If you had more fields with other formats (rather than just one per), you could do something similar to the plainfmt array.

Answer 2

You could always loop through all of your data fields and use them in your printf. For a simple file just to test the mechanics you could try this:

 awk '{for (i=1; i<=NF; i++) printf("%d = %s\n", i, $i);}' data.txt

Note that -F is not set here, so fields will be split by whitepace.

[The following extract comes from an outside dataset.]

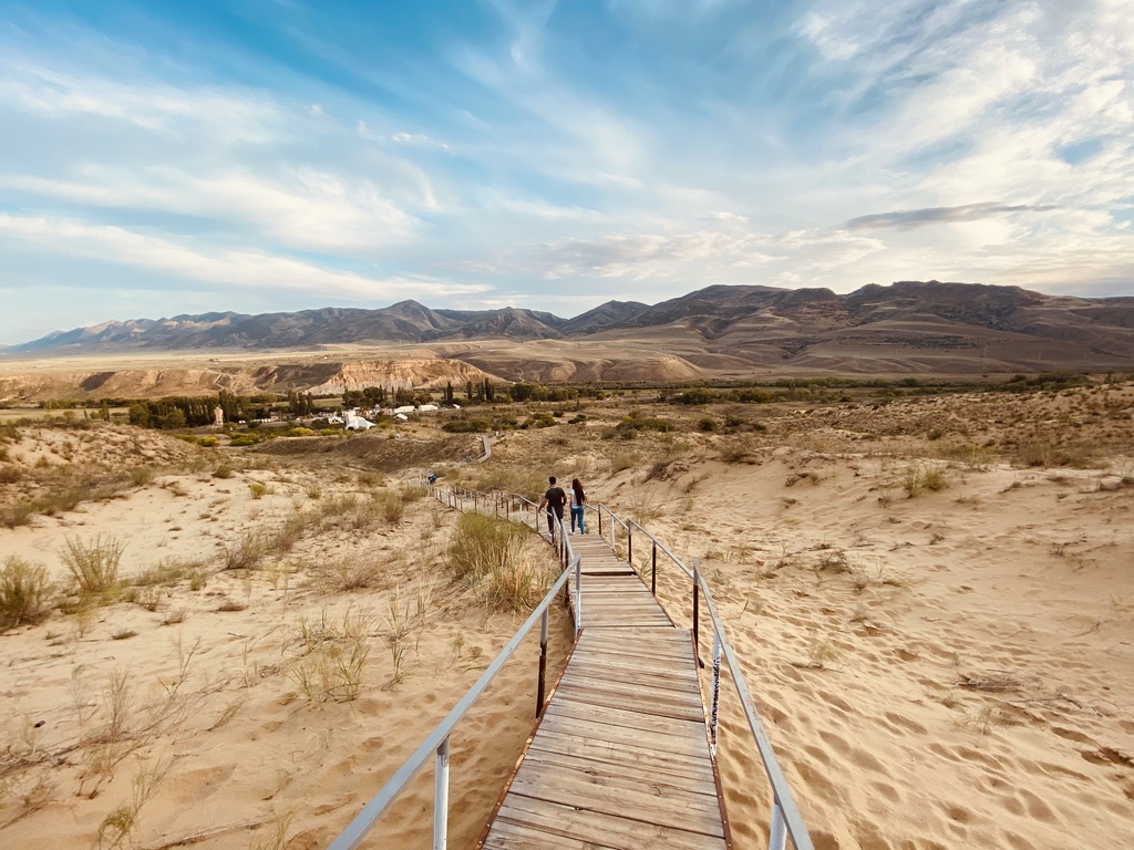 У подножья бархана есть кафе, фотогеничное здание бывшей ж/д станции и сувенирная лавка с изделиями местных мастеров. Можно купить нож ручной работы, цепочки, браслеты, магниты.

NF is the predefined variable for number of fields on a line, fields start with 1 (e.g., $1, $2, etc until $NF). $0 is the whole line.

So for your example this may work:

  awk -F',' '{for (i=1; i<=NF; i++) printf "%.41f\n", $i}' $file

Update based on comment below (not on a system test the syntax):

If you have certain fields that need to be treated differently, you may have to resort to a switch statement or an if-statement to treat different fields differently. This would be easier if you stored your script in a file, let's call it so.awk and invoked it like this:

  awk -f so.awk $file

Your script might contain something along these lines:

BEGIN{ FS=',' }
{ for (i=1; i<=NF; i++)
    {
      if (i == 20 || i == 22|| i == 30)
        printf( " .. ", $i)
      else if ( i == 13 || i == 24)
        printf( " ....", $i)
      etc.
    }
}

You can of course also use if (i > 2) ... or other ranges to avoid having to list out every single field if possible.

As an alternative to this series of if-statements see the switch statement mentioned above.